I was initially looking at CF frames so I was sort of fixed on a Specialized because I thought that it was the best feeling for me. I went into my local Trek store and the salesman I had was very helpful and informative. He suggested I try out an aluminium bike and give it a test ride. I agreed and away I went. Overall I like the feeling the aluminium bike gave me compared to a CF. Maybe because I do drag racing and the stiff feeling is what I am used to.
I took this test ride and put it in my head and went to another LBS and test rode a Specialized and Felt aluminium bike and liked the Trek the best. I went to another LBS and tried an aluminum Cannondale, and Giant with the same results. So, I now just figured out what exactly kind of bike I wanted. Next step was to sell the wife 100% on the idea.
I sold the wife yesterday and also sold her on getting her own road bike as well with me. Today I went back there and put everything on layaway with a half payment deposit till Saturday when everything that had to be ordered would be in.

Definetly looking forward to riding this Sunday.


----------



## Trek2.3 (Sep 13, 2009)

I have a Trek 2.1. It is a great bike. You'll love it.


----------



## Para8291 (Jul 18, 2010)

Congrats on the new bike. That's awesome that your wife will ride too.


----------



## TrekBikeRider (Jul 21, 2010)

Trek2.3 said:


> I have a Trek 2.1. It is a great bike. You'll love it.


Your username begs to differ.


----------



## Trek2.3 (Sep 13, 2009)

TrekBikeRider said:


> Your username begs to differ.


To be precise: FX7.2; *2.1*; 2.3; and 5.2. Four Trek bikes at the moment.
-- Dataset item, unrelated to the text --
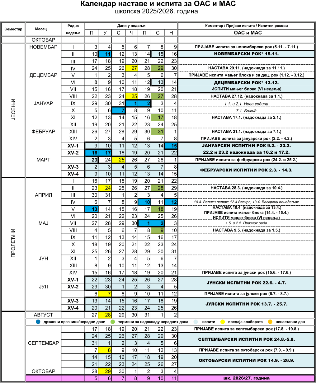 почетак » Студије на Машинском факултету » Календар наставе и испита школске 2025/2026. године

My LBS loves me.

Plus a 1.5 waiting for me in London (cheaper to buy used on Ebay and dump after touring than to pay Delta Airlines to transport one of the others).


----------



## TrekBikeRider (Jul 21, 2010)

Trek2.3 said:


> To be precise: FX7.2; *2.1*; 2.3; and 5.2. Four Trek bikes at the moment. My LBS loves me.
> 
> Plus a 1.5 waiting for me in London (cheaper to buy used on Ebay and dump after touring than to pay Delta Airlines to transport one of the others).


So basically I should give you my username. I only have one Trek bike... a 6 Series SSL Madone. Love it!!


----------



## runnerstreet (Aug 8, 2010)

Pictures???


----------